Rozdział 11

4K 141 2
                                    

Olivia:

- Olivia, daj mi się wytłumaczyć. - pogładził mnie po plecach.

- Tylko winni się tłumaczą. - z mojego oka wyleciała łza.

- Bo ja jestem winny. - powiedział jakby niewzruszony.

- Tak czy siak, nie chcę słyszeć żadnego tłumaczenia. Wyjdź stąd. - zepchnęłam jego rękę z pleców.

- Nie chcę nic mówić, ale wyganiasz mnie z mojego własnego pokoju. - szatyn cicho się zaśmiał widząc moją 'złą' minę.

- To ja wyjdę. - wzruszyłam ramionami po czym wstałam z łóżka i ruszyłam do drzwi.

- Nigdzie nie pójdziesz w takim stroju. - chwycił mnie za nadgarstek i przyciągnął do siebie tak, że obiłam się o jego twardy tors.

- Dupek - warknęłam - to ja się przebiorę. - uśmiechnęłam się szyderczo. Zobaczymy czy wypuści mnie z tego cholernego pokoju.

- Teraz pójdziesz ze mną na kolację, ale najpierw zmienisz ciuchy na coś przyzwoitego. - ścisnął uścisk na moim nadgarstku.

- Zaraz z twojej twarzy zrobię coś przyzwoitego jak mnie nie puścisz w ciągu 3 sekund. - znowu warknęłam.

- Niegrzeczny wilk z ciebie. - zaśmiał się.

- W tej chwili masz mnie puścić! - krzyknęłam zła choć wcale nie chciałam by puszczał moją dłoń, gdyż moja wilczyca przepada za jego dotykiem.

- Uspokój się, jestem twoim mate i wiem, że potrzebujesz tego tak bardzo jak ja.

- Może mój wilk tak, ale póki się nie złączyliśmy jesteś moim wrogiem. Nie zbliżaj się do mnie. - powiedziałam obojętnie. Wyrwałam rękę z jego uścisku i szybko zamknęłam się w łazience.

Oparłam się o drzwi i zsunęłam się nich na ziemię. Z moich ust wydobył się cichy szloch. Podciągnęłam nogi do klatki piersiowej i ułożyłam na nich głowę. Łzy spływały po moich policzkach, nogach i kapały aż na ziemię.

Dlaczego ta idiotyczna więź sama wybiera nam partnerów na całe życie?
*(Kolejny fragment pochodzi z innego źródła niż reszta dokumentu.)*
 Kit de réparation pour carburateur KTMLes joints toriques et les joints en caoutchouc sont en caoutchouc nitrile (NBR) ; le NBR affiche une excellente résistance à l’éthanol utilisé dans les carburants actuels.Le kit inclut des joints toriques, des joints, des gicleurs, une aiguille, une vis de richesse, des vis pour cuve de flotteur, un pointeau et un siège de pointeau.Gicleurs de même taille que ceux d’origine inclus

To jest przymusowe kochanie kogoś kogo tak naprawdę nie znam i być może nie chcę poznać.

Chciałabym być normalnym człowiekiem. Z czasem być może ktoś pokochałby mnie tak sam z siebie. Za mój charakter, styl bycia, uśmiech. A ja? Mam swojego mate, w którym prędzej czy później się zakocham bez względu na to jaki on jest.

Wiem, że nawet jeśli stąd ucieknę, to oboje będziemy cierpieć. Oboje będziemy czuć to samo, o ile on w ogóle ma serce.
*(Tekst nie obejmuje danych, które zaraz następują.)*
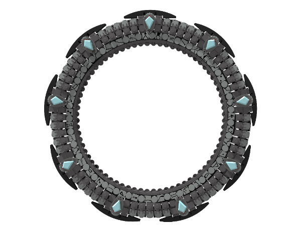 If you prefer the Atlantis version of the gate, the crystals are also available in some glitter blue version at pick a brick. I would have preferred the clear red crystals as you see in the rendering, but they are hard to get on bricklink and quite expensive. If you want to build it cheaper than use non-LEGO pieces they cost way less and work just as fine combined with LEGO pieces. The minifigs of SG1 in the picture are from minifig.me and cost around 50€. If you want some Jaffas as well the old Mummy figures of Anubis and Horus work quite nicely. You could even make really nice Staff weapons if LEGO only made those lifeguard flotation aids in grey.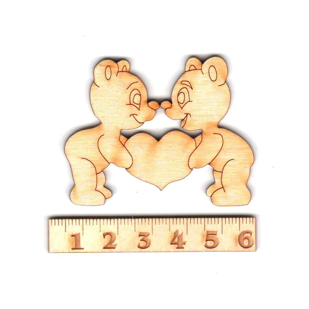 2 Bären mit einem gravierten Herz aus 3mm Birkenholz in einer Höhe von 156 mm und Breite von 2..

Ucieknę, ale nie po to by się od niego oddalić. Po to by być z rodziną. Oni są dla mnie najważniejsi.

- Olivia, wpuść mnie! - krzyknął zza drzwi mój zdenerwowany mate.

- Zostaw mnie w spokoju. - powiedziałam cicho.

- Dlaczego tak źle jesteś nastawiona na tą więź? Co ja ci zrobiłem?! - walną w drzwi, a ja aż podskoczyłam. Szybko wstałam i otrzepałam ubrania. Oparłam ręce o zlew i spuściłam głowę w dół.

- Gdybyś mnie nie uprowadził, nie byłabym tak zła. Nie. Chcę. Cię. Znać. - warknęłam.

- Wiem, że zrobiłem źle, ale musiałem mieć ciebie blisko siebie. - powiedział, a po chwili usłyszałam dźwięk zatrzaskujących się drzwi. Wyszedł. Zostawił mnie. Może to i dobrze.

Jedna samotna łza spłynęła po moim policzku. Szybko ją starłam i głęboko westchnęłam.

Uspokój się Olivia. Już niedługo wrócisz do domu. Już niedługo...

Czekam na to, że niedługo się w nim zakocham jak na skazanie. Moja ucieczka być może to spowolni.

Mam nadzieję

Po paru minutach powoli wyszłam z pokoju cicho zamykając za sobą drzwi. Spojrzałam na zegar. 21:24. Nie wierzę, że aż tyle siedziałam w tej łazience.

Nie mam co robić, nudzi mi się. Nie ma tu nawet żadnej gry planszowej, kart. Czegokolwiek czym mogłabym się zająć. Na półce stoją książki, ale nie jestem pewna co do tego by sięgnąć po którąś z nich...

Wolę się nudzić.

Ułożyłam się wygodnie na łóżku i myślałam o tym wszystkim.

Co się ze mną w ogóle dzieje? Raz jestem na niego cholernie zła, a raz w niego zapatrzona. Mam ochotę mu to wybaczyć, ale z drugiej strony go nienawidzę.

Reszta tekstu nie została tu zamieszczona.